TASK PROMPT: Nothing but the lines below between the line holding "Tegucigalpa – En" and the line holding "Baby Is Brewing", inclusive, should appear in the answer, each set down exactly.

TASK INPUTS:
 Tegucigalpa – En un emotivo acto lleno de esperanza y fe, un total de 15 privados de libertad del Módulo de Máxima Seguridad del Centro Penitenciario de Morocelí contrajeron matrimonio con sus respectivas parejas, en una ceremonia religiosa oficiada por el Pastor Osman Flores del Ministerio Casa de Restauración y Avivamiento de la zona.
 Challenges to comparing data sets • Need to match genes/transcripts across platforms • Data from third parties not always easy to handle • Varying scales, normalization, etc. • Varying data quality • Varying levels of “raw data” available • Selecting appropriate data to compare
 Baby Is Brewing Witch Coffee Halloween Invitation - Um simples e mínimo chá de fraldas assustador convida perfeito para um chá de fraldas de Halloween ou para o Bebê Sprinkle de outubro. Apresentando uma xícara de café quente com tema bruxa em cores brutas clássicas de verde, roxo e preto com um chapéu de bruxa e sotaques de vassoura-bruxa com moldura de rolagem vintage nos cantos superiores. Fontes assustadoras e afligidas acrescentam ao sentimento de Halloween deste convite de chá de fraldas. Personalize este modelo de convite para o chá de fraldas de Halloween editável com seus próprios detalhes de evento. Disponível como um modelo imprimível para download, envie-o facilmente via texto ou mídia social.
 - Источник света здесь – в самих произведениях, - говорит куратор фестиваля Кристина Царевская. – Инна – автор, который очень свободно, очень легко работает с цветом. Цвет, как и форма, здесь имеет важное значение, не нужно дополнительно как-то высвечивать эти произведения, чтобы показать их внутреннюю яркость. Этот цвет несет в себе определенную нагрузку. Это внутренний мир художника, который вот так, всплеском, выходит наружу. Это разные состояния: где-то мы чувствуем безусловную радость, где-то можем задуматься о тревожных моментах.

...

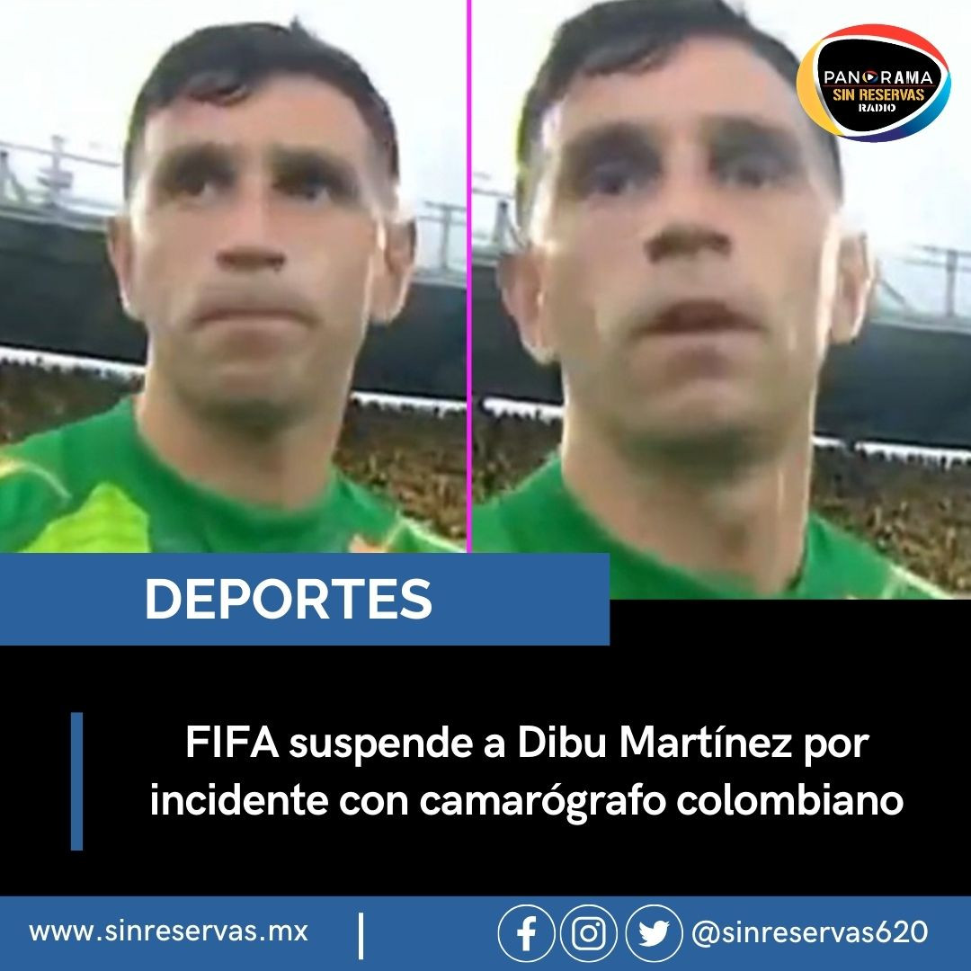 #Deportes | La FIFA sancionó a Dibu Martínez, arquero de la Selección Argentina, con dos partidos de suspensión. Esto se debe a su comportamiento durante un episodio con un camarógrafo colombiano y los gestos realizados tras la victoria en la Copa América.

EXERCISE RESPONSE:
 Tegucigalpa – En un emotivo acto lleno de esperanza y fe, un total de 15 privados de libertad del Módulo de Máxima Seguridad del Centro Penitenciario de Morocelí contrajeron matrimonio con sus respectivas parejas, en una ceremonia religiosa oficiada por el Pastor Osman Flores del Ministerio Casa de Restauración y Avivamiento de la zona.
 Challenges to comparing data sets • Need to match genes/transcripts across platforms • Data from third parties not always easy to handle • Varying scales, normalization, etc. • Varying data quality • Varying levels of “raw data” available • Selecting appropriate data to compare
 Baby Is Brewing Witch Coffee Halloween Invitation - Um simples e mínimo chá de fraldas assustador convida perfeito para um chá de fraldas de Halloween ou para o Bebê Sprinkle de outubro. Apresentando uma xícara de café quente com tema bruxa em cores brutas clássicas de verde, roxo e preto com um chapéu de bruxa e sotaques de vassoura-bruxa com moldura de rolagem vintage nos cantos superiores. Fontes assustadoras e afligidas acrescentam ao sentimento de Halloween deste convite de chá de fraldas. Personalize este modelo de convite para o chá de fraldas de Halloween editável com seus próprios detalhes de evento. Disponível como um modelo imprimível para download, envie-o facilmente via texto ou mídia social.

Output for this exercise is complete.